A sign that points to your self-esteem being low is if you gain a sense of pride from identifying with people, structures, or ideas that you have very little to do with. For example, you might name drop, where you try to look good in the eyes of others by associating yourself with the accomplishments and prestige of this other person. Or you might fanatically root for a sports team, using the adjective ‘we’ when talking about their achievements, living and dying with the results of games you do not take any part in.

Examples of this sort of self-esteem by association are endless, but what they all have in common is that you hitch your wagon to a star that you in reality do not influence at all. You are in no way responsible for successes or failures, yet live vicariously through them. The obvious draw to this strategy for increasing self-esteem is that you don’t have to do any of your own work hard work of self-actualization. Even if you have no real talents or skills of your own you can just align yourself with people or structures who do and at least at a superficial level you feel you do too.
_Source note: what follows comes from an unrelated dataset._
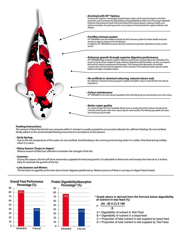 - Enriched with OF® OPTIMA. Contains OF® OPTIMA, a thoroughly tested Protein Linker, which links the Protein to the fish’s enzymatic cells to increase the digestibility and absorb-ability by 30% and a Phenotypic Metabolic Enhancer that enhances Food Conversion Ratio (FCR), boosts growth, improves health, and reduces mortality, thus giving your Koi and Goldfish a true measure of extra protection against sickness and disease.

Obviously this is a really bad strategy for long term self-esteem though, which should be pretty obvious from the fact that there is no ‘self’ in any entity external to you. The only way to authentically increase self-esteem is by developing your abilities from within, increasing your own sense of power and efficacy. When you try to take them from without you are always in a precarious position because you have no ability to influence events. All you can do is stand by and hope for the best. If external variables change your flimsy self-esteem changes right along with them.

A predictable response to the philosophical attitude that self-esteem needs to be generated individually from within is that we all need to identify with and believe in something bigger than ourselves, like God or a country. From a humanistic standpoint this is not true and the way for every person to find meaning is to develop his or her own powers as fully as possible over the lifespan, but even if we agree that identifying with something bigger than ourselves is healthy, the point of this article is that the identification is fraudulent when you aren’t taking an active role in the process. You are just a spectator, an observer, a ghost, and your presence or absence would have little or no effect on the situation.

The only lasting way to increase and maintain self-esteem is to start from within rather than from without, having the courage to unfold your own gifts, risking personal failure and disappointment along the way. Self-esteem derived from your individual human powers can’t be taken from you because it is uniquely yours.